Monday, February 9, 2009

Inter-generational

WE have to be more sensitive to this aspect of our life these days. With the current pace and widening diversity of development, we need to be truly skilful in handling the intricate and more felt requirements of inter-generational integration.

We cannot help but deepen our respective generational specializations of interest, in all their social and cultural varieties. I suppose this is how things go. We even have to foster the legitimate differences. But we need to learn how to form one organic whole, since in the end we all are one human family.

For example, in any diocesan clergy gathering that I attend, I can’t fail to notice the spontaneous groupings that appear, formed more by generational factors than by any other element. The young congregate among themselves, the seniors keep to themselves.

There are exceptions, of course. But they are more amusing than anything. Like, I met a retired Monsignor, approaching 80, so techie he could shame many younger ones with his knowledge and skill of the modern gadgets. He even used some technical lingo not yet in my vocabulary.

Where there is more unity and harmony in one group, say in a parish, there’s a lot of good that can be done. In contrast, where there is an infestation of envy and quarreling, many things get wasted.

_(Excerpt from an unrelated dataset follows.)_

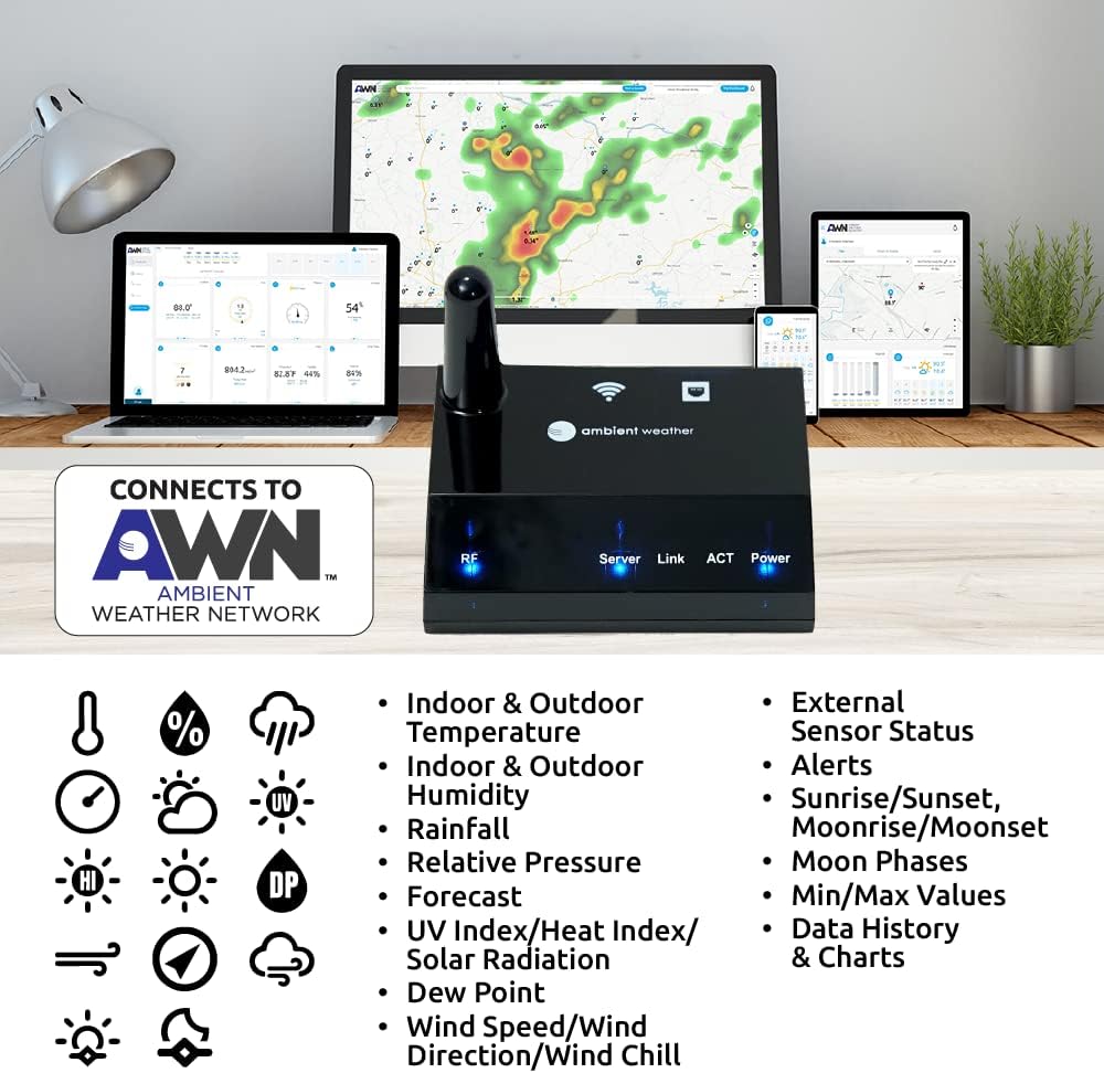 • JOIN THE COMMUNITY: Connect to Ambient Weather Network to customize your dashboard tiles, share hyperlocal weather conditions via social feeds and create your own forecasts (coming soon)

In the place where I’m staying at present, we are just 10 residents—3 priests and 7 lay professionals—but I readily see the differences and feel the normal tension that goes with them, something that needs to be managed well.

At 57, I’m the eldest of the group, followed by a 55-year-old priest who was a former engineer. The rest are in their thirties. And our director is the youngest at 24 years of age. One is a university professor, the others are almost all engineers and architects, working in different schools and offices.

In our daily get-togethers, especially the ones after dinner, I can’t help but feel at the same time happy, excited and challenged by the rich mix of topics that get into our conversations.

I learn a lot from them, especially when they talk about new developments in their profession, people they meet and do business with, and the plans and projects they handle.

I just hope they also learn from me, since I too give a generous share of my views. But it gratifies me no end to see how everyone tries to go out of their own selves to engage everybody else in hearty exchanges, with refined efforts to adapt and please others manifest in a discreet and natural way.

I could see the mutual complementation taking place among ourselves, in an atmosphere of cheerful family life. Each one contributes something, everyone listens. Many times, I say a quiet prayer of thanksgiving for all this, a real blessing.

I suppose this is part of the secret to achieving a kind of inter-generational integration among all of us in society. We need to forget ourselves more and just think of the others, eager to serve and to please others.

And this can always be done, because it always starts with small, normal and ordinary things we are supposed to do with one another. We have to be nice, even affectionate, develop a keen, sincere interest in the others, in what they do and even in their concerns.

With little goodwill that we try to nurture and grow, a lot of good is produced, benefiting everyone. We have to learn to go beyond our natural differences, our understandable likes and dislikes, to be able to enter smoothly into the lives of others.

We need to learn to disregard irritating details, and to keep rectifying our intentions and purifying our memory, since anything can dirty them anytime even within a span of a minute.

We are all human, it’s understood, but we too are capable of rising high above our purely human conditions to meet the standards of real charity. We have to be quick to understand and forgive. We have to be very careful with our tendency to judge.

In my years of talking with people, I accomplish more by listening and understanding and encouraging than by making suggestions. Often the people themselves discover what they need to do.

I find this an effective way to handle inter-generational differences.